Segment Start: Available data

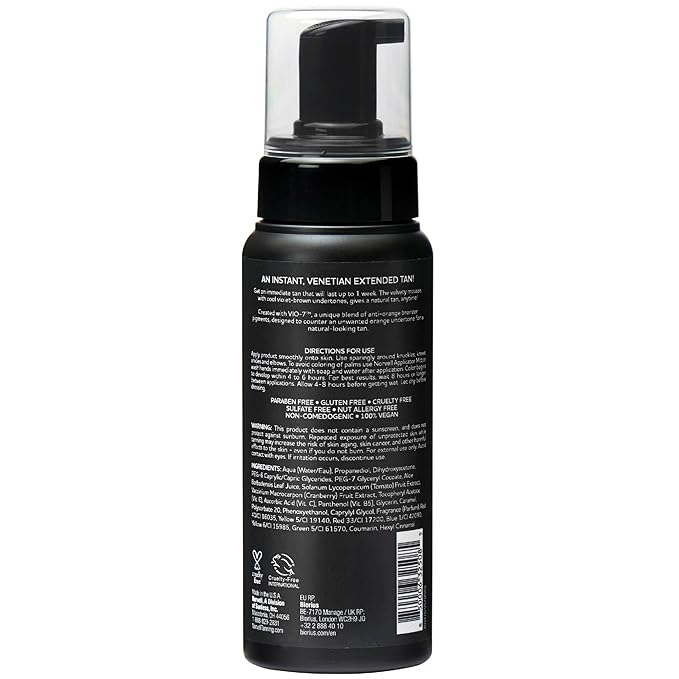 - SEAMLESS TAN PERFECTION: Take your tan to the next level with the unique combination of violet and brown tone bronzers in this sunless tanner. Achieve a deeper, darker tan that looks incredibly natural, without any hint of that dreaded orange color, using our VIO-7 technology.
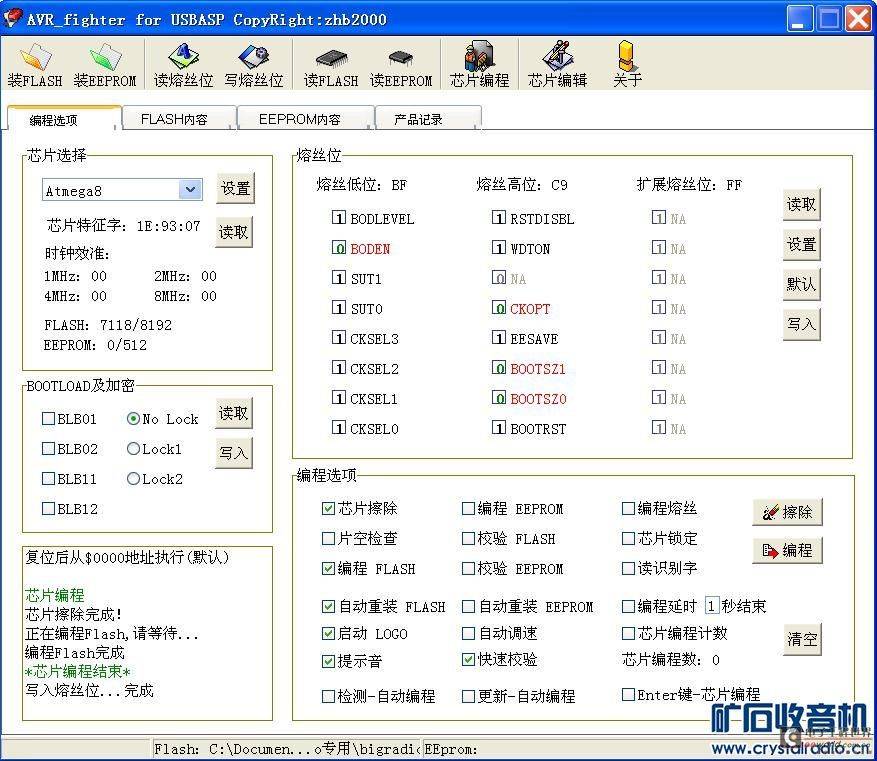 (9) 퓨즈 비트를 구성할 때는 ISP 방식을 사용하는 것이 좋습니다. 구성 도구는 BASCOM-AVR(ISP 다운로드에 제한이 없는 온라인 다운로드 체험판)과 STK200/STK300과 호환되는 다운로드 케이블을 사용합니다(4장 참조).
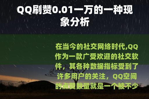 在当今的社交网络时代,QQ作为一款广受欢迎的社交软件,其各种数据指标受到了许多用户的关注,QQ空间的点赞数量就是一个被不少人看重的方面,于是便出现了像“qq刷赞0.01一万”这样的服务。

Segment End: Available data

Could you restate the material word for word, skipping any pictures it holds?

Answer section =>
 - SEAMLESS TAN PERFECTION: Take your tan to the next level with the unique combination of violet and brown tone bronzers in this sunless tanner. Achieve a deeper, darker tan that looks incredibly natural, without any hint of that dreaded orange color, using our VIO-7 technology.
 (9) 퓨즈 비트를 구성할 때는 ISP 방식을 사용하는 것이 좋습니다. 구성 도구는 BASCOM-AVR(ISP 다운로드에 제한이 없는 온라인 다운로드 체험판)과 STK200/STK300과 호환되는 다운로드 케이블을 사용합니다(4장 참조).
 在当今的社交网络时代,QQ作为一款广受欢迎的社交软件,其各种数据指标受到了许多用户的关注,QQ空间的点赞数量就是一个被不少人看重的方面,于是便出现了像“qq刷赞0.01一万”这样的服务。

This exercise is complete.